Als die Franzosen wenig später ihr Spitzenmodell enthüllten, hieß es XM. Eine
Reminiszenz an den legendären SM, jenem Zögling aus der Ehe mit Maserati.
Endlich wieder ein Citroën mit sechs Zylindern! Fahrwerkstechnisch hatte man
alle Register gezogen und bereitete die
Stammkundschaft mit dicken Werbewälzern auf ungeahnte Fahrerlebnisse vor.

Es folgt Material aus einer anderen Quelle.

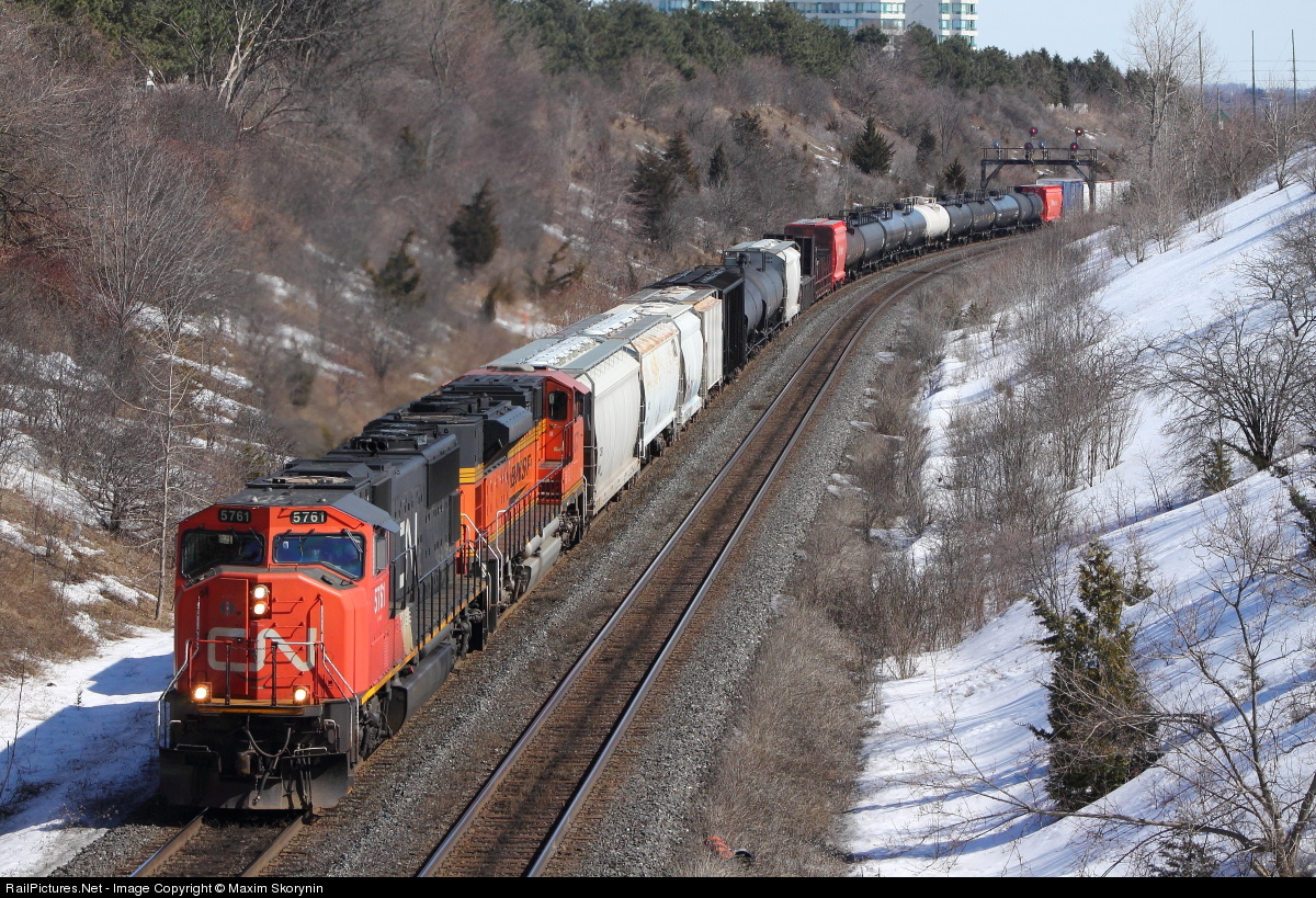 As the sunny +13 degrees March weather comes, I am able to head down to Hilda for a few hours to watch some trains. In a short time, we get this train lined and we see it come around the bend as we take our photos. For those who dont notice, this train has some American friends on board. Trailing is a BNSF SD70M, coming from the United States on lease to Canadian National. This is somewhat rare and pleasant to see, but with the recent FPON rush here in southern Ontario on both CN & CP, this is a fairly common sight.

Zur Erklärung des neuen hydraktiven
Fahrwerks bemühte Citroën gar den
Physiker Blaise Pascal. Der war zwar
schon 1662 verblichen, allerdings nicht
ohne der Welt sein hydrostatisches Paradoxon zu hinterlassen: »Ruhende Flüssigkeiten übertragen vollständig und in
all ihren Punkten die Druckveränderungen, denen sie ausgesetzt werden.« Aha.

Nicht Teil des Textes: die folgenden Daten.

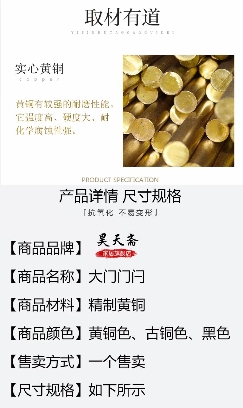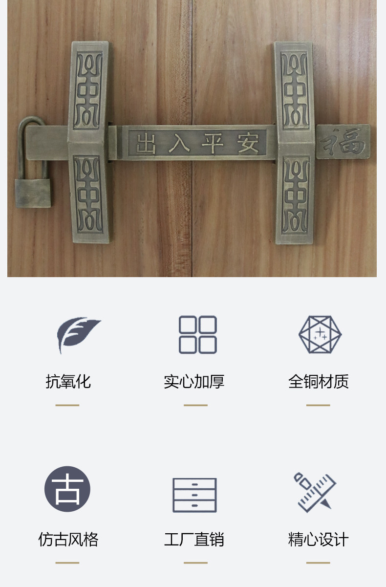 昊天斋 Бронзовая дверная эмболия Античная большая деревянная дверная медная штепсель -Железные двери Металлические дверь китайский стиль -в стиле двора двора Граска дверного двора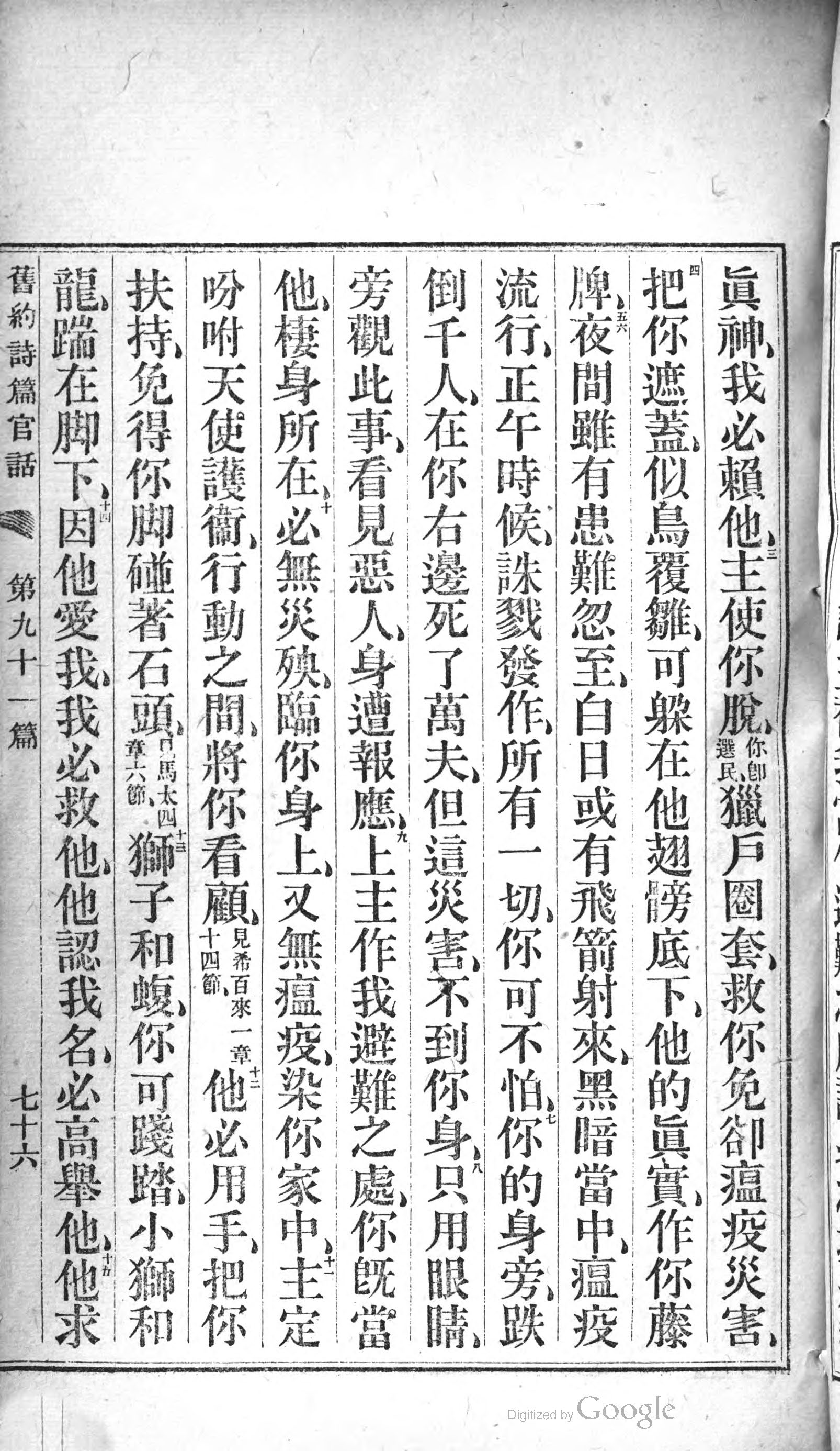 1870年舊約詩篇 詩篇 91 章 3 節到 91 章 15 節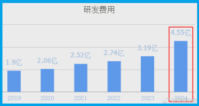 公司研发费用持续攀升,2024年以4.55亿元创下历史新高。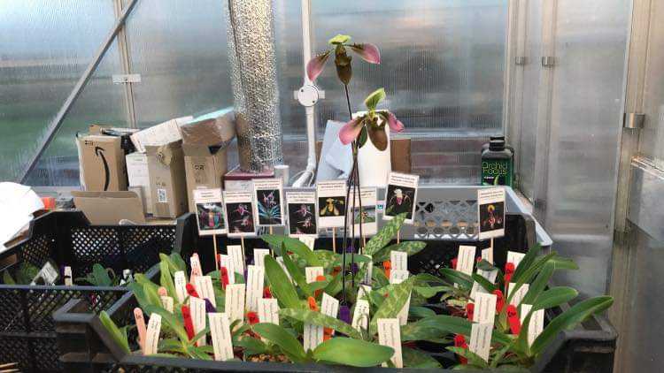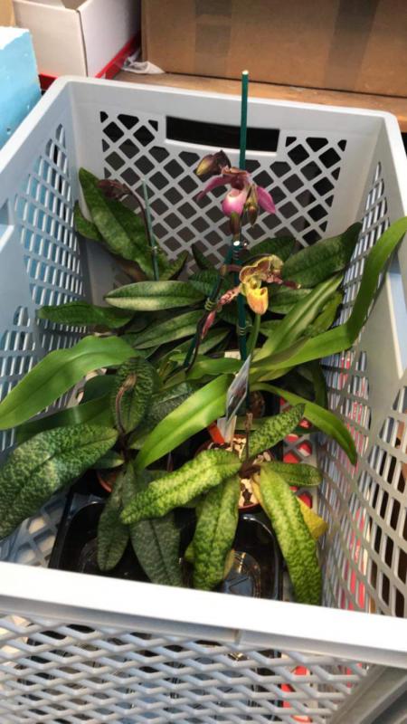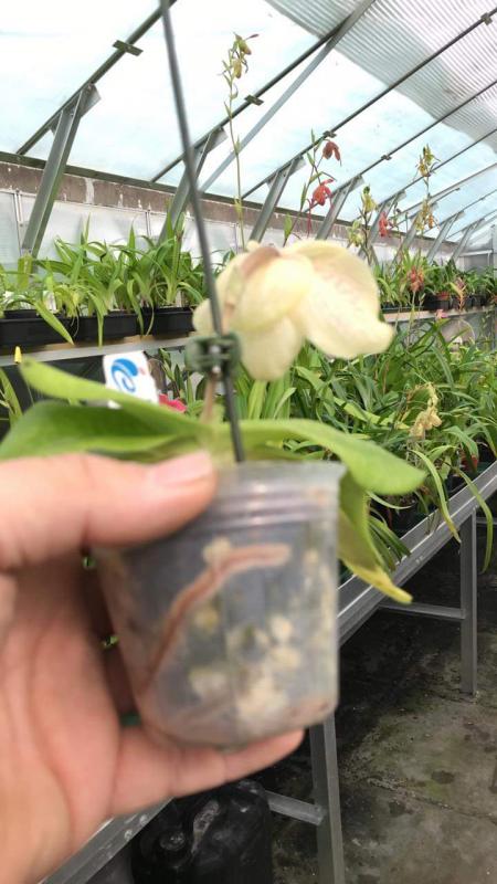 Paphiopedilum hangianum ‘ Star Point’ x concolor ‘Hsiao’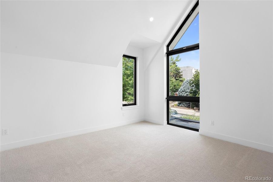 Nestled on a quiet street in sought-after Cory-Merrill, this newly completed 5-bedroom, 5-bath residence offers a refined blend of modern architectural lines and Scandinavian detail built with PBG craftsmanship. Blocks from Belcaro and walkable to Colorado Boulevard’s shops and restaurants, quick access to Washington Park (6 minutes), Cherry Creek (9 minutes), and the boutique districts of South Gaylord and Bonnie Brae. The distinctive exterior combines cement board and warm wood siding, accented by dramatic front gables and smooth stucco elevations for clean, contemporary curb appeal. Inside, soaring 10’ ceilings and white oak floors anchor an open-concept layout. Living and dining areas feature custom gas fireplaces, while archways lined with Porcelonasa tile add character. The chef’s kitchen is outfitted with a Thermador/Frigidaire appliance suite, oversized quartzite island, floor-to-ceiling American-made cabinetry, and a walk-in pantry for optimal storage. The main floor also includes a private home office, formal dining wrapped in Andersen Fibrex floor-to-ceiling windows, and a powder bath with floating quartzite vanity and custom sink. A Bonelli multislide door opens the living space to the landscaped backyard for seamless indoor-outdoor living. Upstairs, a custom monorail staircase leads to the primary suite retreat with vaulted ceilings, gas fireplace, walk-in closet, and a French balcony overlooking the backyard. The spa-inspired primary bath features radiant heated floors, a freestanding soaking tub with garden views, and a double shower with dual heads. Two additional vaulted en-suite bedrooms and a laundry room complete the upper level. Finished basement offers 10’ ceilings, a large family room with custom wet bar, two more bedrooms, a shared bath, and generous storage. Mudroom with built-in dog wash and garage with a 220V outlet included. PBG provides industry leading 2-year builder’s warranty and an 8-year structural warranty for added peace of mind.

So bot der auf Hydrauliköl gedämpfte XM tatsächlich ein Fahrverhalten, das
66 FIRMENAUTO Februar/März 2016
einem permanenten Schwebezustand
gleichkam. Komfortabel, aber nicht mehr
im Schiffschaukelmodus wie bei seinen
Vorgängern. Rechnergestützt ließ sich die
Abstimmung zwischen »automatisch«
und »sportlich« (straff) variieren, angesteuert durch einen Schiebeschalter auf
der Mittelkonsole. Dazu kam ein exzellenter Sitzkomfort. Fahren wie im Fernsehsessel: Das Flaggschiff aus Rennes
wurde folgerichtig zum Auto des Jahres
1990 gewählt.
Tolles Fahrwerk, aber Probleme mit der
Elektrik
Gerade noch rechtzeitig, denn kurz darauf begannen die Problemchen. So sehr
man Wert auf bahnbrechende Fahrwerkstechnik und Optik gelegt hatte, den
Kleinteilezukauf überließ man offenbar
einer Gruppe von Ferienpraktikanten.
Manche Steckverbindungen im elektrischen System kollabierten bereits nach
kurzer Zeit und sorgten für angeregte
Kommunikation zwischen Auto und Besitzer. Ständig blinkte es irgendwo. Mal
gingen Warnlämpchen für die Airbags
an, mal verabschiedete sich die Computeranzeige von der Hälfte ihrer Pixel oder
die Sitzheizung quittierte ihren Dienst.
Schwamm drüber, denn endlich bot
Citroën oberklassenadäquate Motoren,
darunter besagten knapp 200 PS starken
Sechszylinder-Benziner sowie einen
knalleng eingebauten 2.5 TD mit elektronischer Einspritzung.
Aufsehen erregte vor allem der ab 1991
gebaute und fast fünf Meter lange Kombi mit automatischem Niveauausgleich.
Bis zu 1.960 Liter Fassungsvermögen prädestinierten ihn für sehr spezielle Gewerbe. Die Firma Rappold in Wülfrath etwa
baute ihn als Leichenwagen. Apropos:
Das große Sterben des XM hat längst begonnen, hierzulande wurde er ohnehin
nur 42.694-mal verkauft. Etwa 2.000 davon sind derzeit noch zugelassen. Eigentlich viel zu wenig.